NJ Spotlight - Let American Sign Language Count for Graduation Requirements, Bill Proposes…Assembly education committee passes sign-language measure, as well as bill to set up ‘recovery school’ for kids coming out of rehab

John Mooney | May 12, 2015

 

American Sign Language has long been taught in at least a few of New Jersey’s public schools, and now a bill nearing passage would allow it to be used to meet the state’s world-language requirement for graduation.

The Assembly education committee went back to business yesterday with a host of bills, including several to set up pilot programs and advisory committees.

Related Links

American Sign Language Bill

“Recovery High School” Bill

Defibrillator Bill

ASL in New Jersey Schools

The sign language bill before the committee comes almost 20 years after New Jersey’s decision to list ASL as one of the languages covered by the state’s Common Curriculum Content Standards.
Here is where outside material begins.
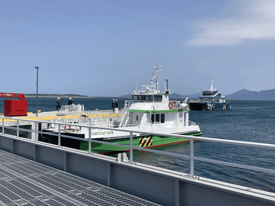 今後は、「PORTCATひびき」と「JCATひびきⅡ」の2隻で洋上風車のメンテナンス等を行っていきます。

By one count in 2010, about 20 districts at the time taught ASL in their schools.

But there have been questions as to whether it qualified to fulfill the state’s requirement that every high school graduate take at least a year of a language other than English or demonstrate proficiency in a language other than English.
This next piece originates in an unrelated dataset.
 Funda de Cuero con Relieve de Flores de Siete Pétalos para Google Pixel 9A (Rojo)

The bill would not require schools to offer ASL classes, only to count them toward credits if they are provided.

The Assembly committee yesterday unanimously backed the bill with no discussion, after the Senate in February passed the measure 36-0. It moves next to a full Assembly vote, where passage looks likely.
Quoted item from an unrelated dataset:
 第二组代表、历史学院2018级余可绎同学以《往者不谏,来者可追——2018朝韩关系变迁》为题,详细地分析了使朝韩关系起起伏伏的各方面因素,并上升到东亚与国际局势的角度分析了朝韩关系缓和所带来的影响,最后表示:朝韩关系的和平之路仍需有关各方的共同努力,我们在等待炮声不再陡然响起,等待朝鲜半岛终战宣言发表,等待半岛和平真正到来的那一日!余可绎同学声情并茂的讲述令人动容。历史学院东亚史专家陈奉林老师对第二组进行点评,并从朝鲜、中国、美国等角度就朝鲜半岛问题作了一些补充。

“This is one of those bills where I say, ‘You mean we don’t do that already?’ ” said Assemblyman Patrick Diegnan Jr. (D-Middlesex), the committee’s chairman. “To me this is common sense.”

The bill was one of several before the committee as it met for the first time since the annual break in the legislative session for state budget deliberations.

The meeting had little of the controversy and rancor that marked some recent ones, in which the state’s testing and teacher evaluation systems were up for debate.

Instead, virtually all of the bills heard yesterday were recommended for passage with little or no dissent:

A bill was passed that would set up pilot programs in the north, central, and southern parts of the state that would establish so-called recovery schools for students overcoming drug and alcohol abuse.

Sponsored on the Senate side by state Sen. Raymond Lesniak (D-Union), the bill would replicate small alternative schools already in place and extend them to help more students returning from rehabilitation programs.

“When they go into rehab and then return to school settings, 90 percent of them are offered drugs or alcohol on their first day back,” Lesniak testified. “A key foundation to recovery is to remove yourself from the people, places, and things from whence you come, thus the concept of the recovery school.”

The bill has passed the Senate unanimously.

A bill cleared committee that would create an Out-of-School Time Advisory committee to study programs offered before and after school, as well as in the summer, and to recommend policies and best practices.

The development of after-school programs has been a long-running issue in the state, with various initiatives launched to expand and further fund them. The commission would be charged with issuing recommendations.

A bill was voted out to require local recreation programs and camps to have heart defibrillators at youth athletic events, and also to require training of public school personnel on the use of the defibrillators.

The bill was recommended for approval by the committee, but with some concerns raised to the potential costs.